PostgreSQL實時高效搜尋-全文檢索、模糊查詢、正則查詢、相似查詢、ADHOC查詢

德哥發表於2017-12-05

標籤

PostgreSQL , 搜尋引擎 , GIN , ranking , high light , 全文檢索 , 模糊查詢 , 正則查詢 , 相似查詢 , ADHOC查詢


背景

字串搜尋是非常常見的業務需求,它包括:

1、字首+模糊查詢。(可以使用b-tree索引)

select * from tbl where col like `ab%`;  
  
或  
  
select * from tbl where col ~ `^ab`;  

2、字尾+模糊查詢。(可以使用reverse(col)表示式b-tree索引)

select * from tbl where col like `%ab`;  
  
或  
  
select * from tbl where col ~ `ab$`;  
  
寫法  
  
select * from tbl where reverse(col) like `ba%`;  
  
或  
  
select * from tbl where reverse(col) ~ `^ba`;  

3、前後模糊查詢。(可以使用pg_trgm和gin索引)

https://www.postgresql.org/docs/10/static/pgtrgm.html

select * from tbl where col like `%ab%`;  
  
或  
  
select * from tbl where col ~ `ab`;  

4、全文檢索。(可以使用全文檢索型別以及gin或rum索引)

select * from tbl where tsvector_col @@ `postgres & china | digoal:A` order by ts_rank(tsvector_col, `postgres & china | digoal:A`) limit xx;  
  
詳細語法後面介紹  

5、正則查詢。(可以使用pg_trgm和gin索引)

select * from tbl where col ~ `^a[0-9]{1,5} +digoal$`;  

6、相似查詢。

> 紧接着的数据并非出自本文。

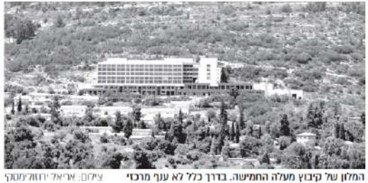
המלון של קיבוץ מעלה החמישה. בדרך כלל לא עניין מרכזי

שאפת משרד התיירות היא לחזק את אפיק התיירות הנכנסת לאירוח בקיבוץ. כיוון מחדר: "לנבנה חבילות אירוח שמכללות טיחה ולינה כפרית בקיבוץ. זה מיועד בעיקר לביקור שני ושלישי של תייר בישראל אבל יש פה הצעת ערך לא יקרה אגתנו מזהים בה פוטנציאל".

(可以使用pg_trgm和gin索引)

select * from tbl order by similarity(col, `postgre`) desc limit 10;  

7、ADHOC查詢,任意欄位組合查詢。(通過bloom index, multi-index bitmap scan, gin-index bitmap scan 等索引都可以實現)

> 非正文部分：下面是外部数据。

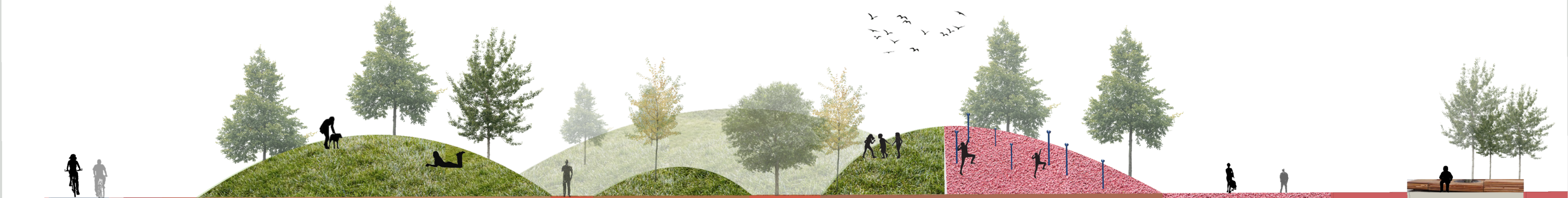
Schnittansicht M 1:200

select * from tbl where a=? and b=? or c=? and d=? or e between ? and ? and f in (?);  

通常來說,資料庫並不具備3以後的加速能力,但是PostgreSQL的功能非常強大,它可以非常完美的支援這類查詢的加速。(是指查詢和寫入不衝突的,並且索引BUILD是實時的。)

使用者完全不需要將資料同步到搜尋引擎,再來查詢,而且搜尋引擎也只能做到全文檢索,並不你做到正則、相似、前後模糊這幾個需求。

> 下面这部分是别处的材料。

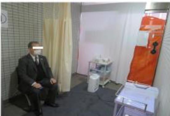
専用待合室内（2名分）と 診察ブース（奥のテント）

使用PostgreSQL可以大幅度的簡化使用者的架構,開發成本,同時保證資料查詢的絕對實時性。

一、全文檢索

全文檢索中幾個核心的功能:

詞典、分詞語法、搜尋語法、排序演算法、效率、命中詞高亮等。

PostgreSQL都已經實現,並支援擴充套件。例如擴充套件詞典、擴充套件排序演算法等。

pic

支援4種文件結構(標題、作者、摘要、內容),可以在生成tsvector時指定。在一個tsvector中允許多個文件結構。

文件結構在ranking演算法中,被用於計算權值,例如在標題中命中的詞權值可以設更大一些。

pic

支援掩碼,主要用於調和很長的文字,調和ranking的輸出。

pic

通過設定不同文件結構權值,調和ranking的輸出。

pic

詞典

預設PG沒有中文分詞,但是好在我們可以基於text search框架擴充套件,例如開源的zhparser, jieba等中文分詞外掛。

https://github.com/jaiminpan/pg_jieba

https://github.com/jaiminpan/pg_scws

甚至可以通過pljava, plpython等來實現對中文的分詞,這個實際上是對應程式設計體系內的分詞能力,通過PostgreSQL的過程語言引入,是不是很炫酷。

《使用阿里雲PostgreSQL zhparser中文分詞時不可不知的幾個引數》

《如何加快PostgreSQL結巴分詞載入速度》

《PostgreSQL Greenplum 結巴分詞(by plpython)》

分詞介紹

1、parser,功能是將字串轉換為token(可以自定義parser)。

default parser的token類別如下:

pic

例子

SELECT alias, description, token FROM ts_debug(`http://example.com/stuff/index.html`);  
  alias   |  description  |            token               
----------+---------------+------------------------------  
 protocol | Protocol head | http://  
 url      | URL           | example.com/stuff/index.html  
 host     | Host          | example.com  
 url_path | URL path      | /stuff/index.html  

建立text parser的語法

https://www.postgresql.org/docs/10/static/sql-createtsparser.html

2、配合text search configuration 和dictionary,將token轉換為lexemes

例如建立了一個同義詞字典

postgres        pgsql  
postgresql      pgsql  
postgre pgsql  
gogle   googl  
indices index*  

然後用這個字典來將token轉換為lexemes,轉換後得到的是lexeme. (tsvector中儲存的也是lexeme,並不是原始token)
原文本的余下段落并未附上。